Instructions for the task
Once you reach the line with "Exclusive Travis Scott", transcribe it and every line after it to the end of the records, exactly, but not the pictures.

*** Opening Material for this exercise ***

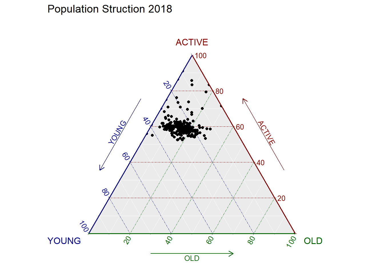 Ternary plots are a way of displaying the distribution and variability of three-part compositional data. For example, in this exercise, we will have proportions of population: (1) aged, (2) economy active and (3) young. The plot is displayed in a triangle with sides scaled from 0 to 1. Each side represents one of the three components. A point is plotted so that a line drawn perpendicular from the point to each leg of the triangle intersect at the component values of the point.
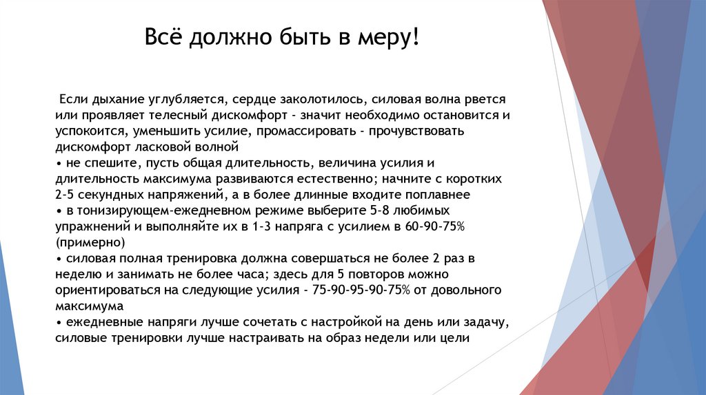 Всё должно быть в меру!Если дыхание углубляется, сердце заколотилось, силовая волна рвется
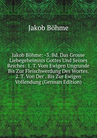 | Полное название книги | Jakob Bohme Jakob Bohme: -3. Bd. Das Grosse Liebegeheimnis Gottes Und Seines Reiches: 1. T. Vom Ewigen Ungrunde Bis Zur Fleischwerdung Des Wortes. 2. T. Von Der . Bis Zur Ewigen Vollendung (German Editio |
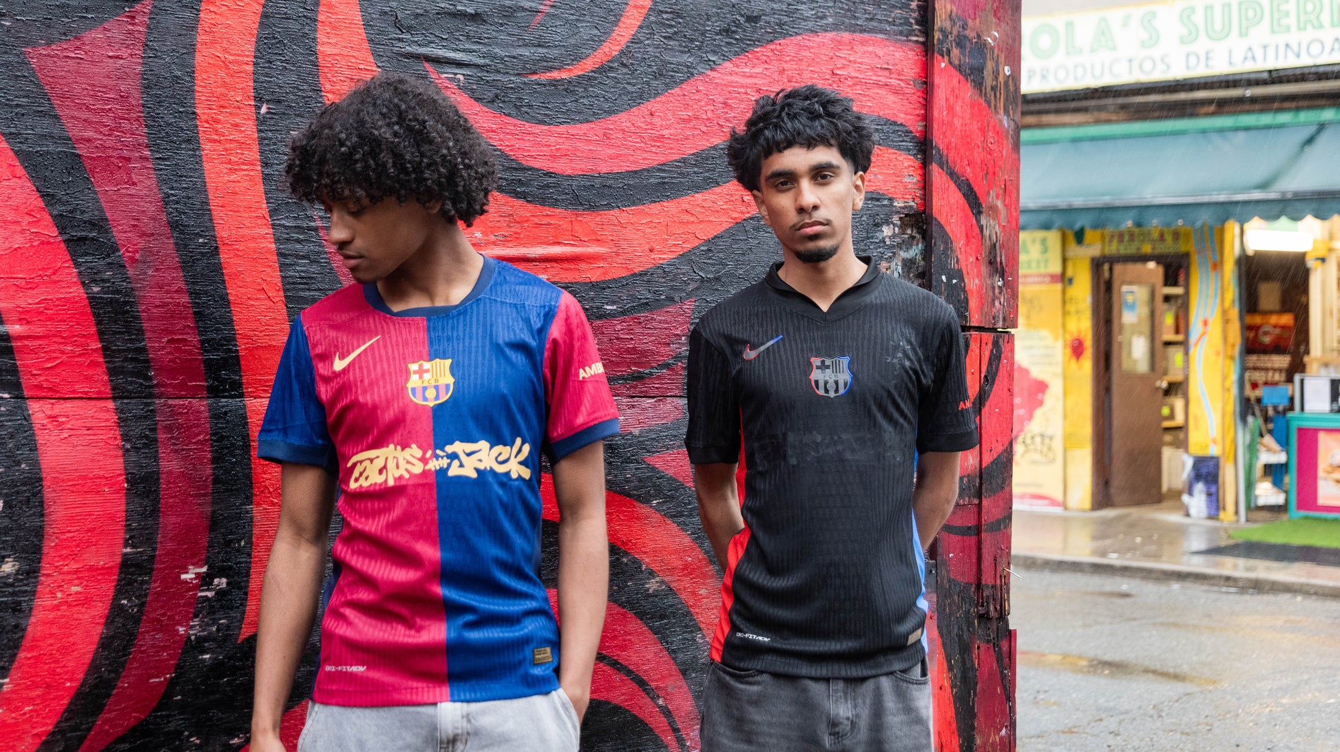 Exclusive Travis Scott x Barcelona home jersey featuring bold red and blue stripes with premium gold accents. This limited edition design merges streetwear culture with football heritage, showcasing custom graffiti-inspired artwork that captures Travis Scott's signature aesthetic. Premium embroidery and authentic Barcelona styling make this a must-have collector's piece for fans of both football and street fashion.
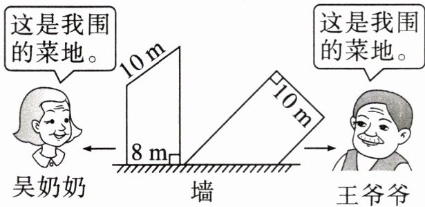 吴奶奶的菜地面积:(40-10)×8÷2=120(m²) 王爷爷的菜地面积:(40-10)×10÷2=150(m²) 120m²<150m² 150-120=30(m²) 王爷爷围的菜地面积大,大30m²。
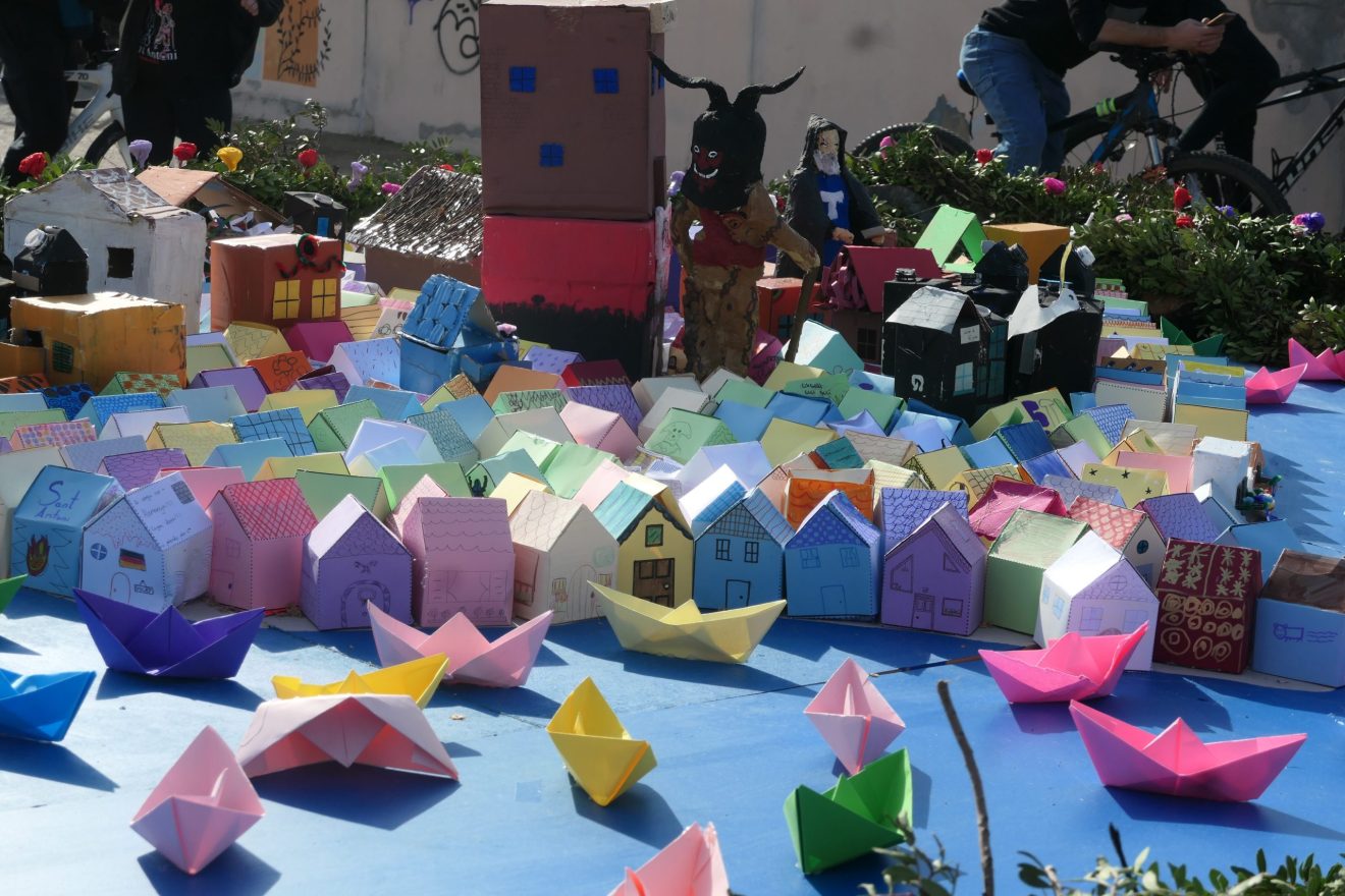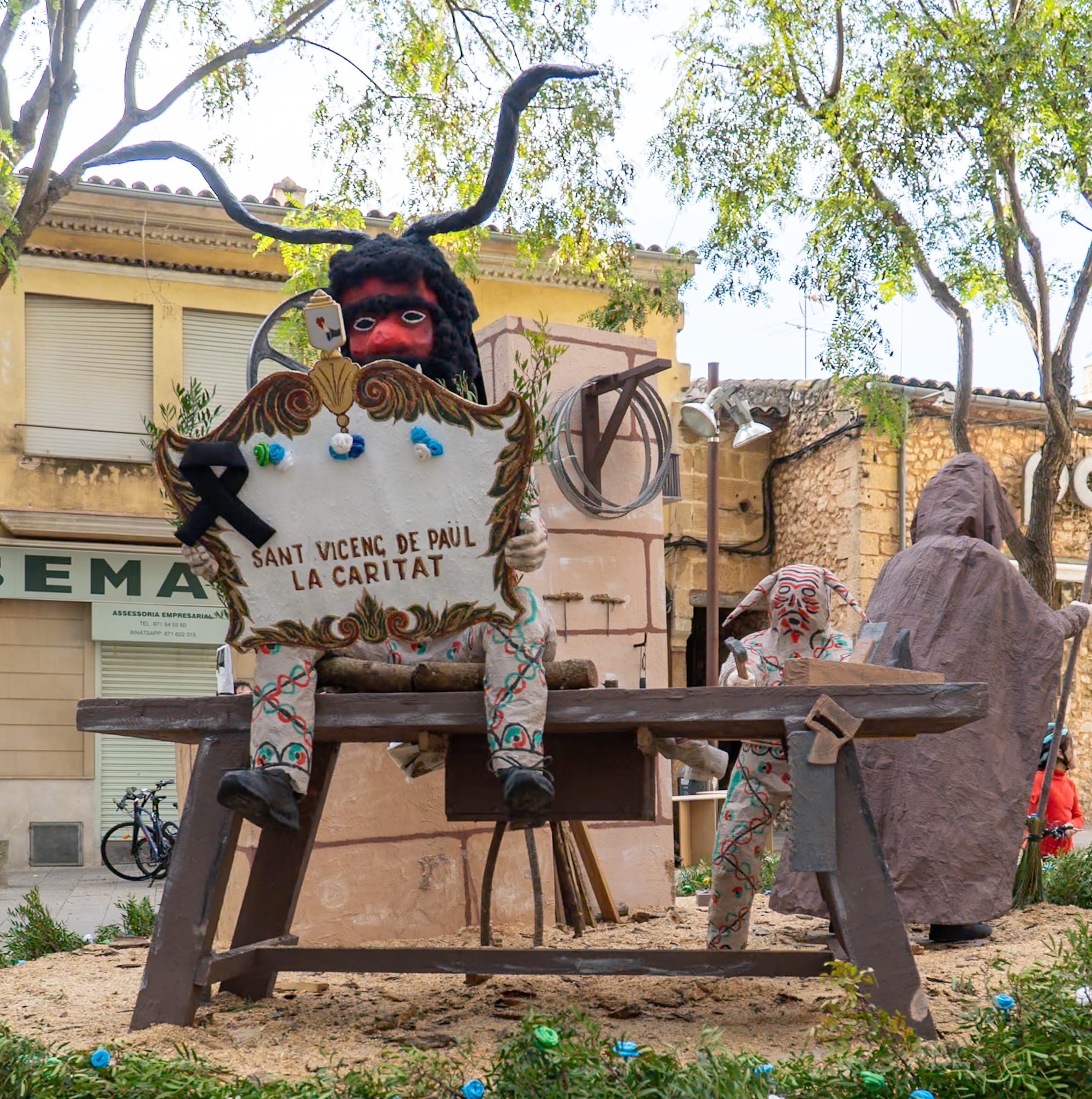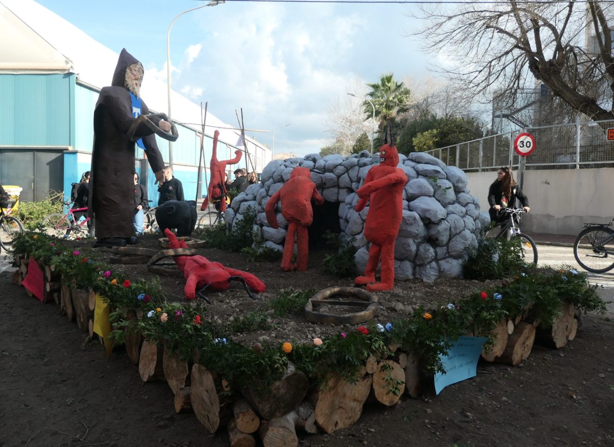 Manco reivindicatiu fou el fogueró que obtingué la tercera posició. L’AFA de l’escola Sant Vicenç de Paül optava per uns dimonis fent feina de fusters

*** Closing Material for this exercise ***

Task solution
 Exclusive Travis Scott x Barcelona home jersey featuring bold red and blue stripes with premium gold accents. This limited edition design merges streetwear culture with football heritage, showcasing custom graffiti-inspired artwork that captures Travis Scott's signature aesthetic. Premium embroidery and authentic Barcelona styling make this a must-have collector's piece for fans of both football and street fashion.
 吴奶奶的菜地面积:(40-10)×8÷2=120(m²) 王爷爷的菜地面积:(40-10)×10÷2=150(m²) 120m²<150m² 150-120=30(m²) 王爷爷围的菜地面积大,大30m²。
 Manco reivindicatiu fou el fogueró que obtingué la tercera posició. L’AFA de l’escola Sant Vicenç de Paül optava per uns dimonis fent feina de fusters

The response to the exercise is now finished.